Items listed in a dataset
>>>
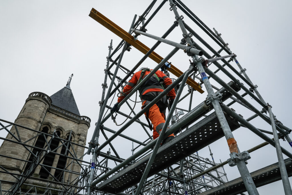 Les cliquetis des tailleurs de pierre résonnent déjà au chevet de la basilique alors que l’échafaudage monte en façade: la nécropole des rois de France à Saint-Denis va retrouver sa flèche, nouveau chantier hors normes après celui de Notre-Dame de Paris.”On ne remonte pas des flèches gothiques tous les quatre matins”, sourit Mathilde Bretz, massette et ciseau en mains. A 30 ans, la tailleuse de pierre se réjouit de participer à ce projet d’exception, tant pour son importance historique que pour les techniques traditionnelles choisies pour cette restauration. “D’habitude, on a des disqueuses, on a des tronçonneuses”, énumère la jeune “pierreuse” au côté d’un large bloc de calcaire. A Saint-Denis, pas de “pétards” pour casser la pierre et “refaire la flèche de A à Z”. L’artisane l’assure: “A cet atelier, on fait tout à la main”.Depuis le XIIe siècle, la tour occidentale de la basilique s’élançait jusqu’à 90 mètres de haut mais la foudre puis une tornade ont eu raison de la célèbre nécropole de quasiment tous les rois et reines de France depuis les Mérovingiens. En 1846, face à sa dangereuse fragilité, choix est fait de la démonter pierre par pierre. Depuis, le projet du remontage de la flèche a hanté “les mémoires et, un peu comme un serpent de mer, il remonte régulièrement à la surface”, témoigne Christophe Bottineau, architecte en chef des Monuments historiques.En 2013, la municipalité de Saint-Denis, à l’époque dirigée par Didier Paillard (PCF), relance l’initiative qui, après douze ans d’études de faisabilité et de commissions budgétaires, se concrétise: la pose de la première pierre va avoir lieu le 14 mars. – “Blockchain” du médiéval -Avant d’entamer ce remontage du chef-d’œuvre gothique, il a fallu consolider le monument médiéval pour s’assurer qu’il puisse soutenir les 2.400 tonnes de pierre. Pour susciter l’intérêt du public vis à vis de ce chantier qui va durer cinq ou six ans, un musée temporaire, qui ouvrira en septembre dans le jardin de la basilique, permettra de suivre les coulisses du travail des artisans.Pour Julien de Saint-Jores, directeur de l’association Suivez la Flèche, ce nouveau parcours de visite se veut dans “l’esprit des chantiers médiévaux, avec cette collaboration entre les tailleurs de pierre et les taillandiers au pied du monument, sous les yeux du public.”A l’ancienne mais inscrit dans son temps: l’association, maître d’œuvre du chantier, a conçu ce musée éphémère en y incluant casques de réalité virtuelle et “cube immersif” dans lequel sera projeté un film à 360 degrés, pour plonger dans l’histoire de la basilique.Un mécénat participatif a également été lancé en avril pour recueillir entre 3,5 et 5 millions d’euros via le parrainage d’une pierre précise, choisie sur la modélisation numérique en 3D de l’édifice. De l’extraction dans la carrière à sa pose sur le monument, “vous allez suivre un peu une sorte de blockchain (chaîne de blocs, ndlr) de l’histoire de votre pierre,” vante Julien de Saint-Jores.De 15 à 4.000 euros, les 15.000 pierres que compte la tour sont virtuellement en vente en sachant que pour les éléments “les plus remarquables”, comme les chimères ou le coq qui trône au sommet, les prix “pourront être supérieurs,” précise-t-il.L’appel aux âmes charitables est lancé mais le chantier au budget de 37 millions d’euros est par ailleurs financé par le fonds de solidarité interdépartemental pour l’investissement (22 millions), la région Île-de-France (cinq millions) et la Métropole du Grand Paris (quatre millions).Loin de concurrencer sa petite sœur Notre-Dame de Paris qui a déjà accueilli 860.000 personnes pour le premier mois de sa réouverture, la basilique de Saint-Denis espère que sa flèche va attirer plus que les 150.000 visiteurs annuels actuellement.Serge Santos, administrateur de la basilique pour le Centre des monuments nationaux, estime que “c’est l’aspect banlieue, sans doute, qui fait que c’est un petit peu plus compliqué” d’avoir du monde. Lui qui ne tarit pas d’anecdotes sur les gisants dans l’église veut croire que le village d’artisans et la visite virtuelle de la basilique vont permettre “une nouvelle appropriation du monument, une nouvelle manière de le découvrir.”
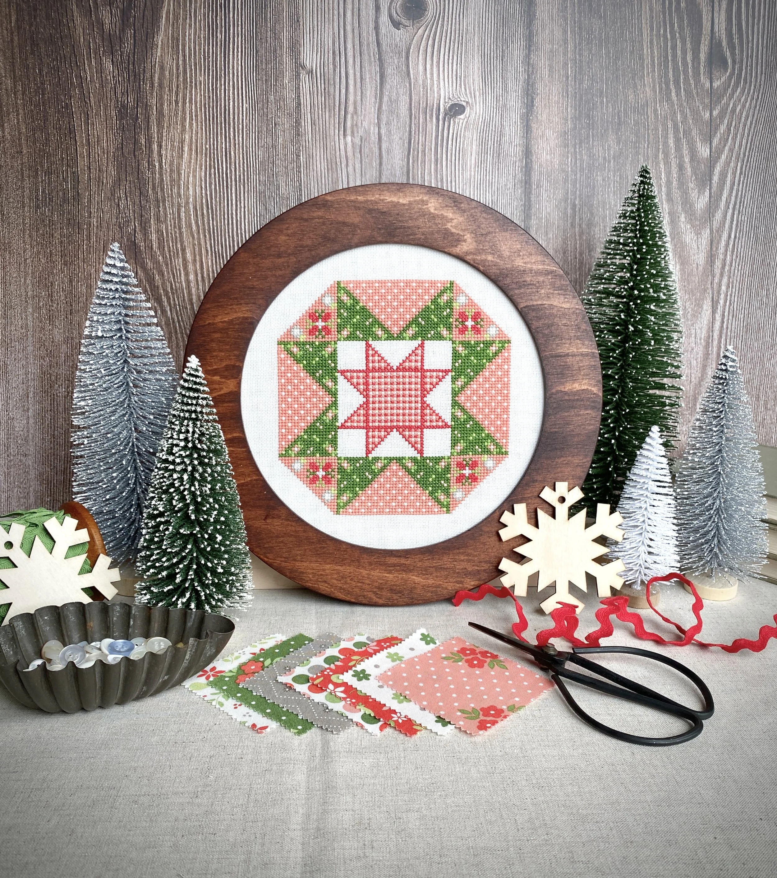I saved my favorite for last. One thing I love to do, is take a quilt block, and instead of making it super mini in a cross stitch version of a quilt, I like to make it a bit bigger (almost the size it would be in a quilt). It gives me the opportunity to mimic the beautiful designs in the fabrics. In this design, the center star captures the look of gingham, while the outer star takes on the look of a medium floral. The corners focus more on a large floral, while the background fabric of the “flying geese” is a mini polka dot. I finished this sample in a 7” circle frame from Modern Hoopla.
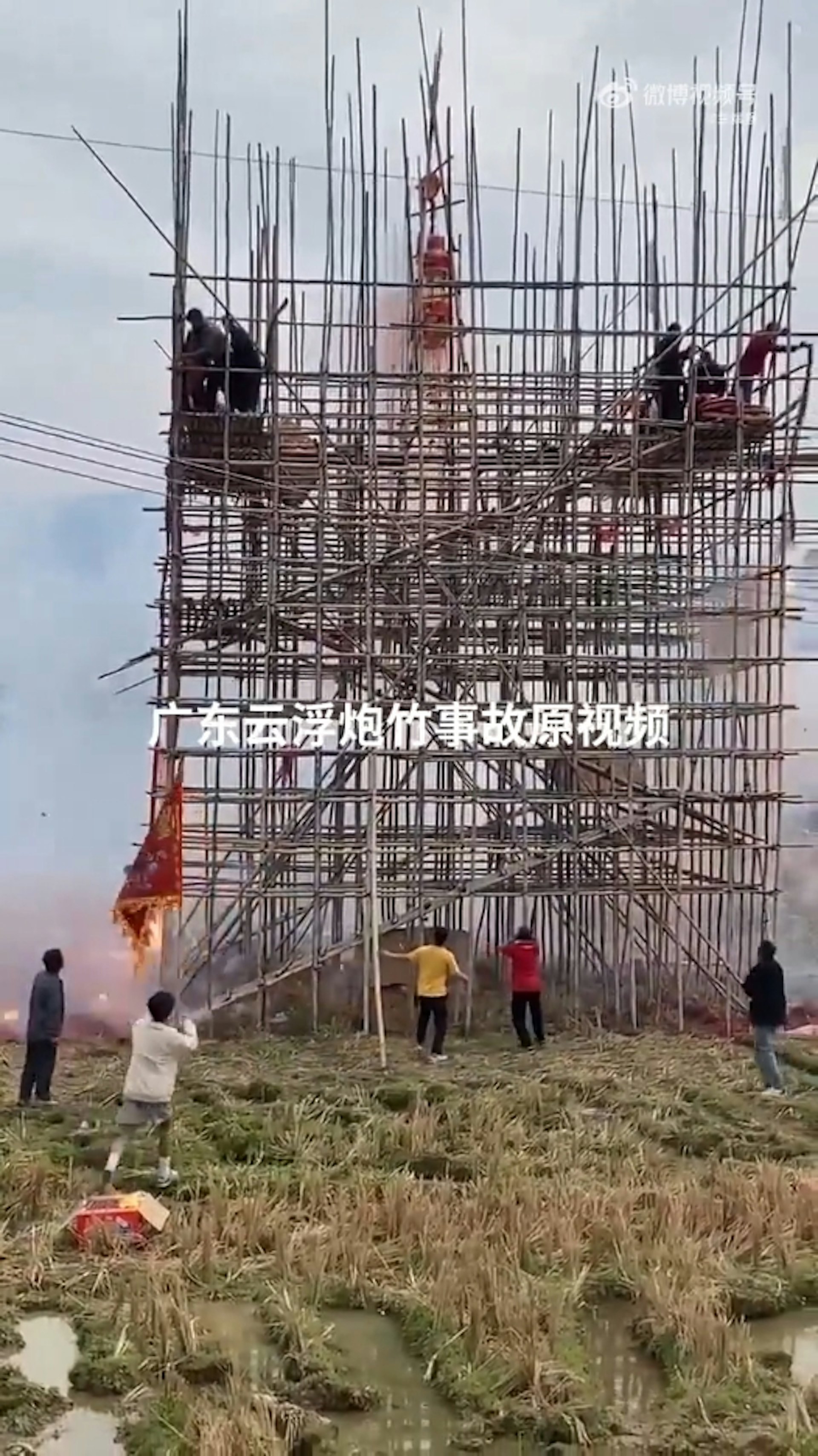蔡先生表示,當天是在「燒炮」,有村民在「炮台」上拿着爆竹燃放,可能因燃放太快,爆竹脫手後引燃了炮台上其他爆竹。「炮台」最高處約有20米,事發點高度近10米,幸好是搭建在鬆軟的土地上,若是硬地面,從半空跳下的幾人可能傷得更嚴重。
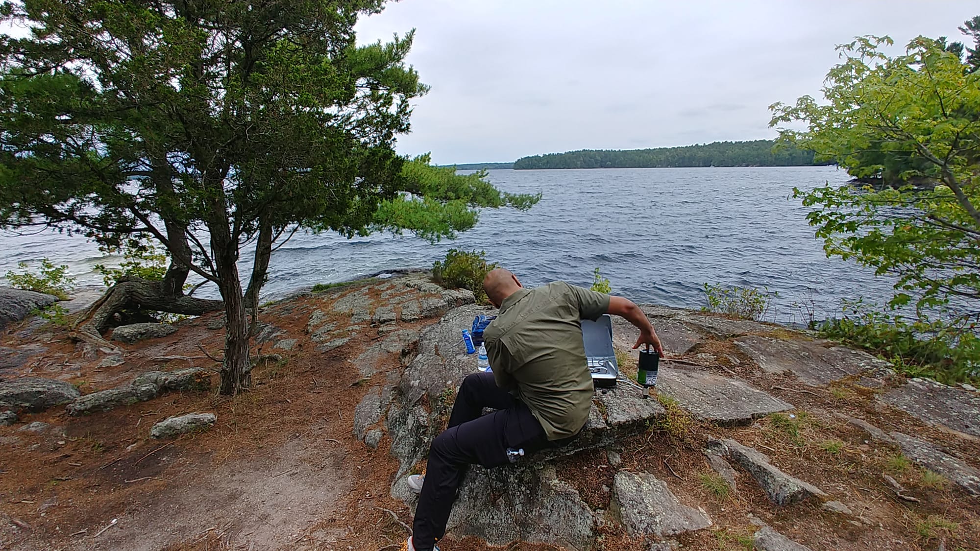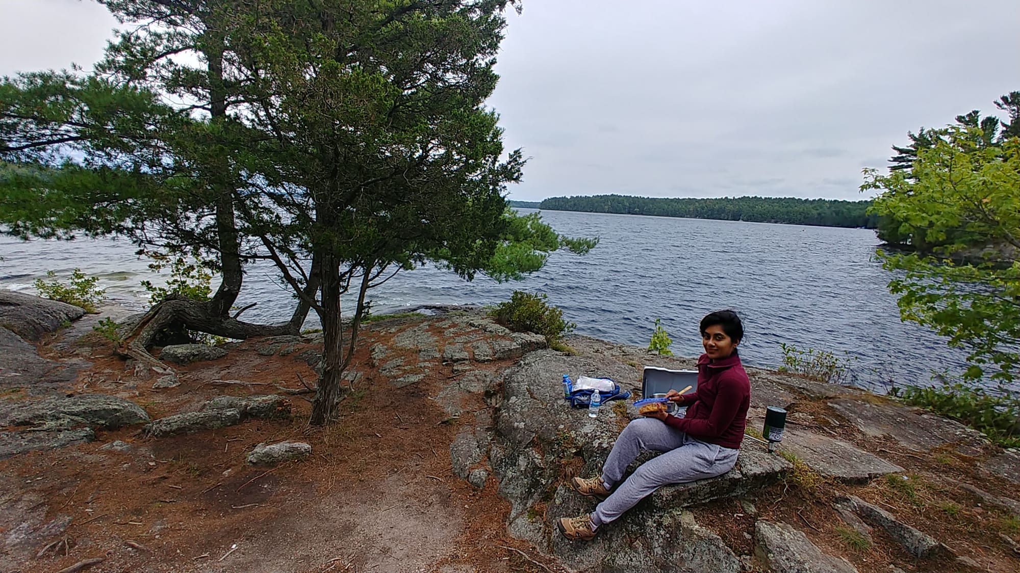 We took our camping stove and some food with us stashed in my backpack. Halfway through the hike, while the picnic table in the area was occupied, we decided to plop down on the exposed rock, and high above the lake on that windy, cloudy day, we ate a meal amidst that rugged, wildly beautiful landscape. And of course, we wrapped up and took all our leftovers and any throwaway items with us.
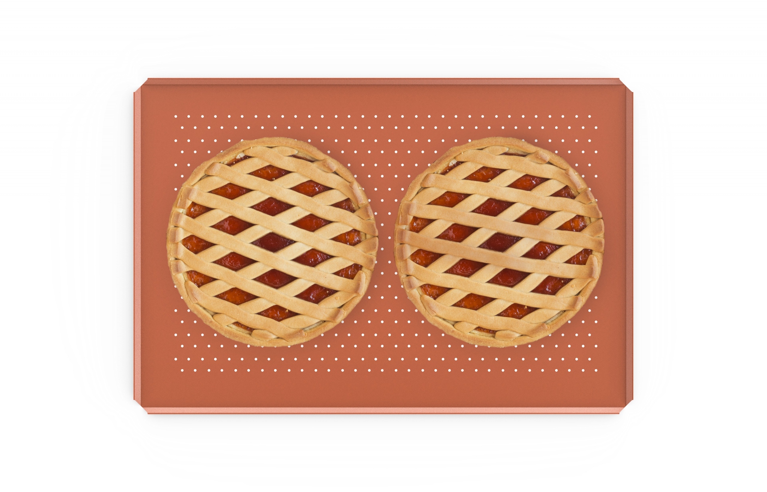 Алюминиевый перфорированный противень с тонким силиконовым покрытием для кондитерских и хлебобулочных изделий.
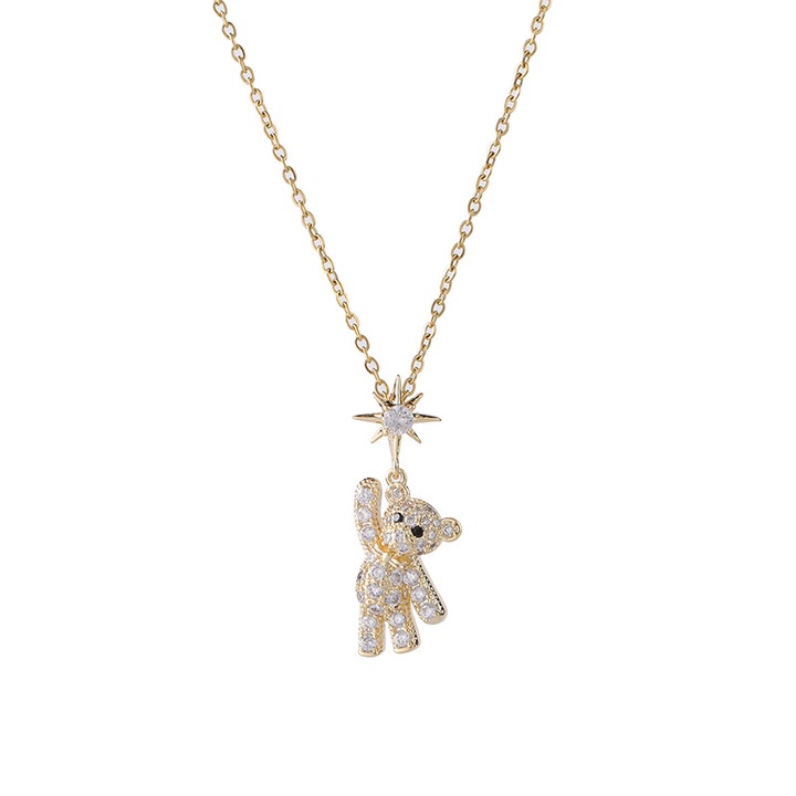 OEM - Colier handmade pentru femei, pandantiv urs, zircon, cilindru, auriu, ambalaj personalizat
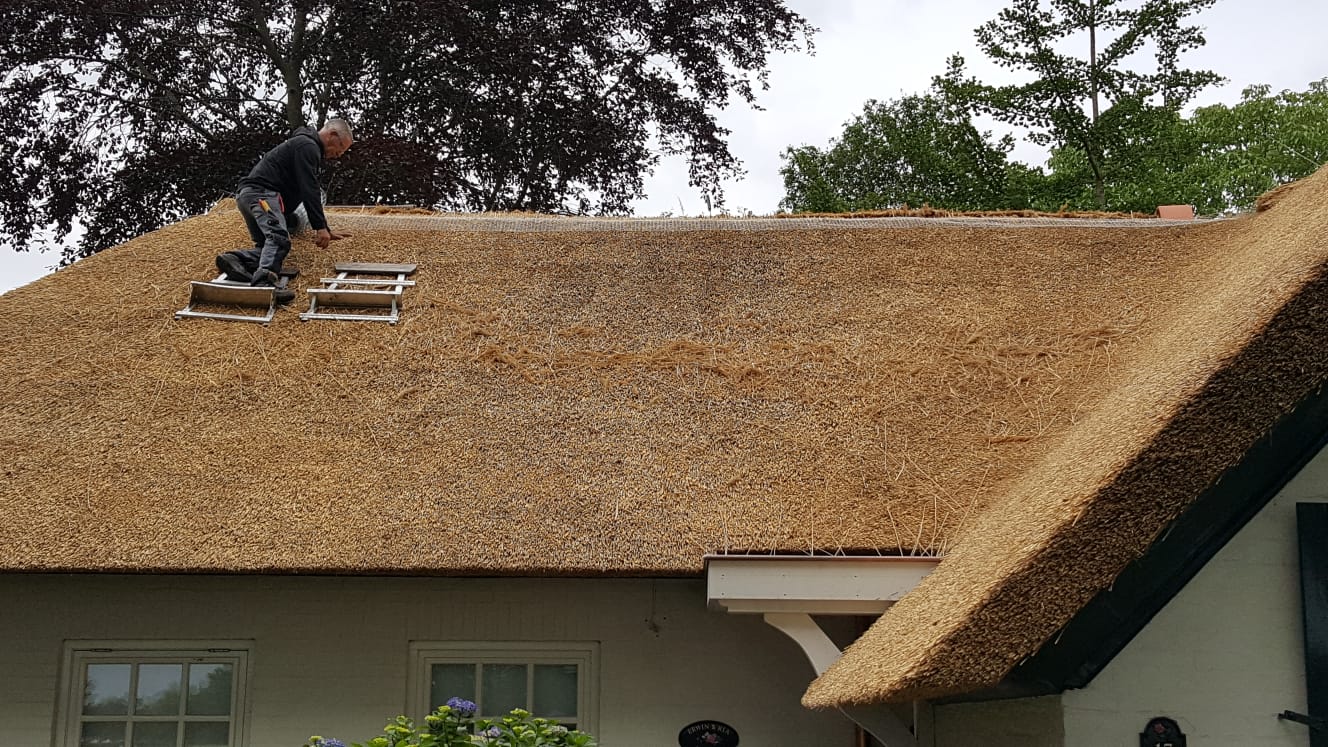 Deze prachtige woning hebben we van nieuw riet mogen voorzien. Hierbij hebben we gekozen voor Airflex als isolatie ( voor een beter binnenklimaat) met daarover heen een 18 mm houtenplaat ( veiliger tegen brand).
<<<
(What the exercise asks): For each entry, repeat its text exactly and leave out any picture it holds.

(Response box):
 Les cliquetis des tailleurs de pierre résonnent déjà au chevet de la basilique alors que l’échafaudage monte en façade: la nécropole des rois de France à Saint-Denis va retrouver sa flèche, nouveau chantier hors normes après celui de Notre-Dame de Paris.”On ne remonte pas des flèches gothiques tous les quatre matins”, sourit Mathilde Bretz, massette et ciseau en mains. A 30 ans, la tailleuse de pierre se réjouit de participer à ce projet d’exception, tant pour son importance historique que pour les techniques traditionnelles choisies pour cette restauration. “D’habitude, on a des disqueuses, on a des tronçonneuses”, énumère la jeune “pierreuse” au côté d’un large bloc de calcaire. A Saint-Denis, pas de “pétards” pour casser la pierre et “refaire la flèche de A à Z”. L’artisane l’assure: “A cet atelier, on fait tout à la main”.Depuis le XIIe siècle, la tour occidentale de la basilique s’élançait jusqu’à 90 mètres de haut mais la foudre puis une tornade ont eu raison de la célèbre nécropole de quasiment tous les rois et reines de France depuis les Mérovingiens. En 1846, face à sa dangereuse fragilité, choix est fait de la démonter pierre par pierre. Depuis, le projet du remontage de la flèche a hanté “les mémoires et, un peu comme un serpent de mer, il remonte régulièrement à la surface”, témoigne Christophe Bottineau, architecte en chef des Monuments historiques.En 2013, la municipalité de Saint-Denis, à l’époque dirigée par Didier Paillard (PCF), relance l’initiative qui, après douze ans d’études de faisabilité et de commissions budgétaires, se concrétise: la pose de la première pierre va avoir lieu le 14 mars. – “Blockchain” du médiéval -Avant d’entamer ce remontage du chef-d’œuvre gothique, il a fallu consolider le monument médiéval pour s’assurer qu’il puisse soutenir les 2.400 tonnes de pierre. Pour susciter l’intérêt du public vis à vis de ce chantier qui va durer cinq ou six ans, un musée temporaire, qui ouvrira en septembre dans le jardin de la basilique, permettra de suivre les coulisses du travail des artisans.Pour Julien de Saint-Jores, directeur de l’association Suivez la Flèche, ce nouveau parcours de visite se veut dans “l’esprit des chantiers médiévaux, avec cette collaboration entre les tailleurs de pierre et les taillandiers au pied du monument, sous les yeux du public.”A l’ancienne mais inscrit dans son temps: l’association, maître d’œuvre du chantier, a conçu ce musée éphémère en y incluant casques de réalité virtuelle et “cube immersif” dans lequel sera projeté un film à 360 degrés, pour plonger dans l’histoire de la basilique.Un mécénat participatif a également été lancé en avril pour recueillir entre 3,5 et 5 millions d’euros via le parrainage d’une pierre précise, choisie sur la modélisation numérique en 3D de l’édifice. De l’extraction dans la carrière à sa pose sur le monument, “vous allez suivre un peu une sorte de blockchain (chaîne de blocs, ndlr) de l’histoire de votre pierre,” vante Julien de Saint-Jores.De 15 à 4.000 euros, les 15.000 pierres que compte la tour sont virtuellement en vente en sachant que pour les éléments “les plus remarquables”, comme les chimères ou le coq qui trône au sommet, les prix “pourront être supérieurs,” précise-t-il.L’appel aux âmes charitables est lancé mais le chantier au budget de 37 millions d’euros est par ailleurs financé par le fonds de solidarité interdépartemental pour l’investissement (22 millions), la région Île-de-France (cinq millions) et la Métropole du Grand Paris (quatre millions).Loin de concurrencer sa petite sœur Notre-Dame de Paris qui a déjà accueilli 860.000 personnes pour le premier mois de sa réouverture, la basilique de Saint-Denis espère que sa flèche va attirer plus que les 150.000 visiteurs annuels actuellement.Serge Santos, administrateur de la basilique pour le Centre des monuments nationaux, estime que “c’est l’aspect banlieue, sans doute, qui fait que c’est un petit peu plus compliqué” d’avoir du monde. Lui qui ne tarit pas d’anecdotes sur les gisants dans l’église veut croire que le village d’artisans et la visite virtuelle de la basilique vont permettre “une nouvelle appropriation du monument, une nouvelle manière de le découvrir.”
I saved my favorite for last. One thing I love to do, is take a quilt block, and instead of making it super mini in a cross stitch version of a quilt, I like to make it a bit bigger (almost the size it would be in a quilt). It gives me the opportunity to mimic the beautiful designs in the fabrics. In this design, the center star captures the look of gingham, while the outer star takes on the look of a medium floral. The corners focus more on a large floral, while the background fabric of the “flying geese” is a mini polka dot. I finished this sample in a 7” circle frame from Modern Hoopla.
蔡先生表示,當天是在「燒炮」,有村民在「炮台」上拿着爆竹燃放,可能因燃放太快,爆竹脫手後引燃了炮台上其他爆竹。「炮台」最高處約有20米,事發點高度近10米,幸好是搭建在鬆軟的土地上,若是硬地面,從半空跳下的幾人可能傷得更嚴重。
 We took our camping stove and some food with us stashed in my backpack. Halfway through the hike, while the picnic table in the area was occupied, we decided to plop down on the exposed rock, and high above the lake on that windy, cloudy day, we ate a meal amidst that rugged, wildly beautiful landscape. And of course, we wrapped up and took all our leftovers and any throwaway items with us.
 Алюминиевый перфорированный противень с тонким силиконовым покрытием для кондитерских и хлебобулочных изделий.
 OEM - Colier handmade pentru femei, pandantiv urs, zircon, cilindru, auriu, ambalaj personalizat
 Deze prachtige woning hebben we van nieuw riet mogen voorzien. Hierbij hebben we gekozen voor Airflex als isolatie ( voor een beter binnenklimaat) met daarover heen een 18 mm houtenplaat ( veiliger tegen brand).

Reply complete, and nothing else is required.